Here I am at almost midnight. Thoughts are racing their way through my mind. I feel I have no control over them. The shut off button is not in site.
Tonight was my lady's group meeting. We have recently just been allowing one person at a time share about what God is doing in their hearts and minds or something along that line or coming up with a service project, really anything we feel compelled to do. Anyway tonight hit way close to my heart. My friend that was sharing was talking about how our words we use are either life or death. She was speaking about how her brother had impacted her in this area of life. This is a huge area that God has been working on my heart in.
And then kind of stemming off of this subject is the subject of the Fruits of the Spirit. Lately I have also been processing how my life reflects the beauty of the Lord to my children. I see such ugly stuff in my character, things that are definitely not reflecting the fruits that God says we should reflect.

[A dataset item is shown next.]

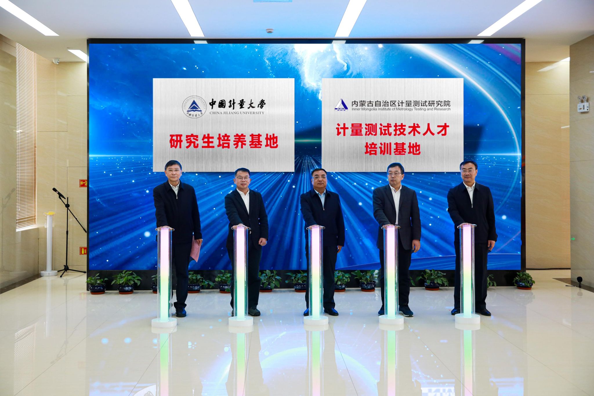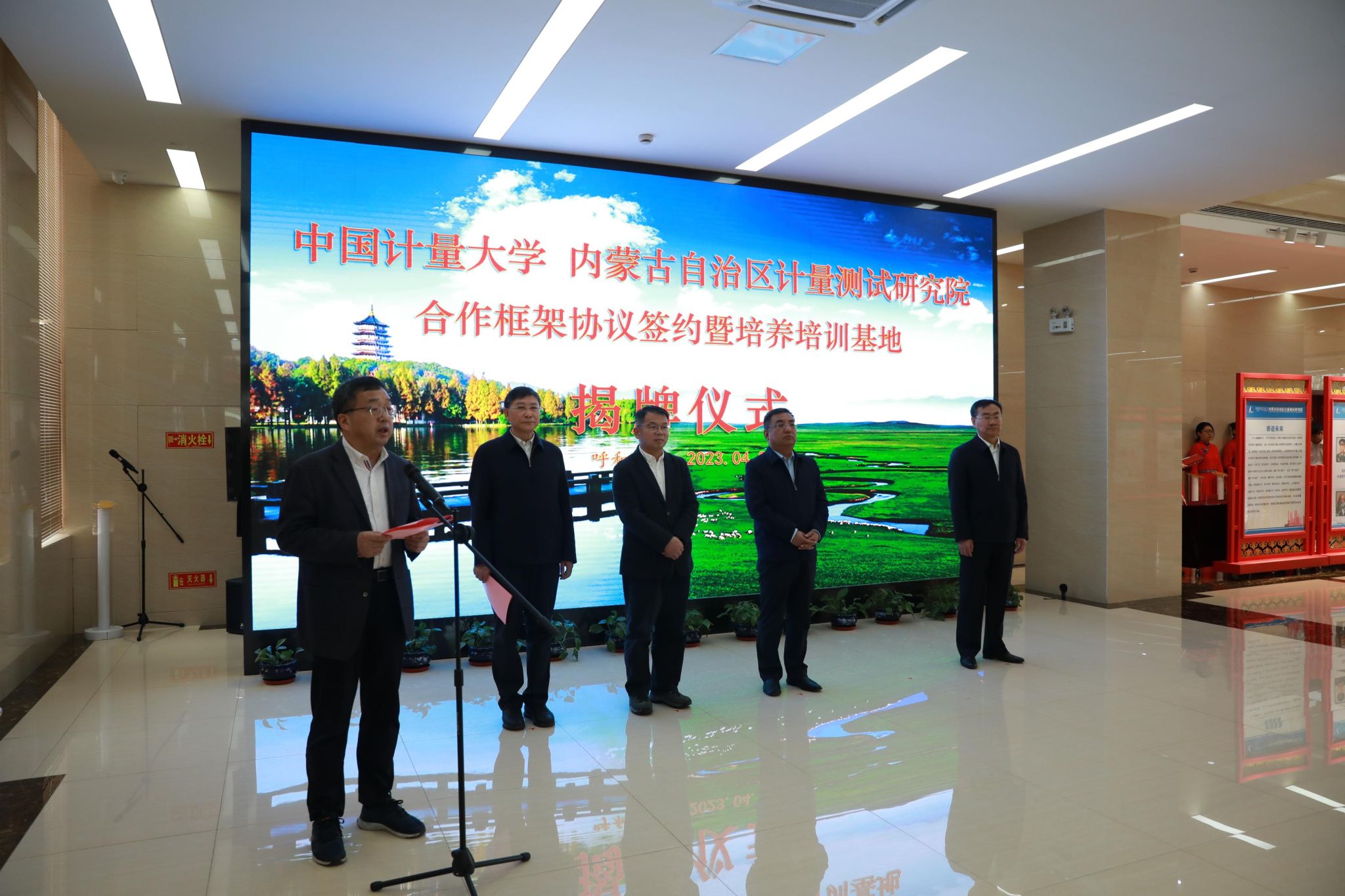 仪式上,吴振清、俞晓平、吕金华、孙磐、刘红波共同为304am永利集团官网“研究生培养基地”和内蒙古自治区我院测试研究院“我院测试技术人才培训基地”揭牌。

It makes me really sad to think of where I am and the responsibility I have as mommy to train up my children in the ways of the Lord. How can they really learn who God is if I don't really show his characteristics, his fruits.
Marriage is another subject that has been close to my heart for a number of years but more recently since we have taken over as leaders in our small group. Tonight a friend came to our lady's group who is going through a very difficult situation with her soon to be ex husband. It makes me sad to see someone else's marriage destroyed by divorce. But more than that I have started reading this book called "The Wholehearted Marriage" by Dr. Greg Smalley and Dr. Shawn Stoever. Maybe someday soon I will post on what I am learning through it.
Another thing I have been working on and involved in is an accountability group off of our small group that meets. Our small group's focus is on marriage. So we are taking a challenge of really digging into "what love is" out of I Corinthians 13. So far it has been good for me to do this digging. I have thoughts that I want to put together from this study and I would also like to post on this in the weeks to come and share with all of you what God is showing me through this challenge. I hope we can keep up with this challenge.
So now as my day comes to a close I am choosing to place all of these things into God's hands and let him continue to work on me because he will be faithful to complete what he has started.